Thursday, January 14, 1999

An Investment Opinion
by Dale Wettlaufer

Estelle's Legacy

Ted could hardly see through the tears that had turned his vision prismatic. He couldn't believe his Grandmother was gone. He couldn't imagine a stronger person. Gran had been a child of the Depression, had started a business when that was a lot more daunting for a woman than it is today, and had grown that business into the class of its industry.
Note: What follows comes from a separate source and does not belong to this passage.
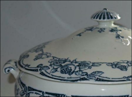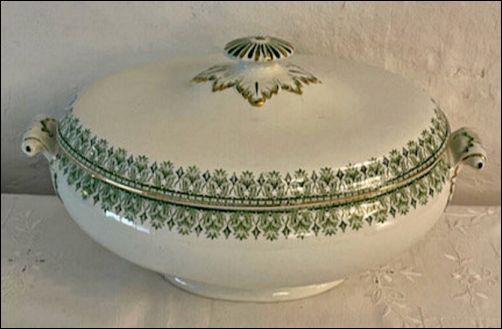 these two lidded serving dishes have different patterns using the same design body & lid - the body has distinctive scroll handles, the lid has the same finial surrounded by a moulded surround. The design was originally produced by the preceding company Powell, Bishop & Stonier |

Running the company without her occasional sage advice would be hard. Ted loved that this person was not only a good friend and a wonderful Grandmother but his business partner, too.

Ted was still not himself, at all, two days later at Bob Reynolds' office. Reynolds was talking, but Ted wasn't paying too much attention. "Who the hell decorated this place? And what is this kid doing wearing a $3,000 suit? This guy is nothing like his old man," Ted thought as he looked over at the young lawyer. In moments of profound grief or crisis, the mind can dwell on the stupidest details, Ted observed to himself.

"Mr. Jaworski, your Grandmother wanted you to watch this videotape in lieu of a reading of the will. I think you should try to pay attention. This may come as a bit of a shock." Gran always did have a flair for the dramatic. Ted sat up and came to.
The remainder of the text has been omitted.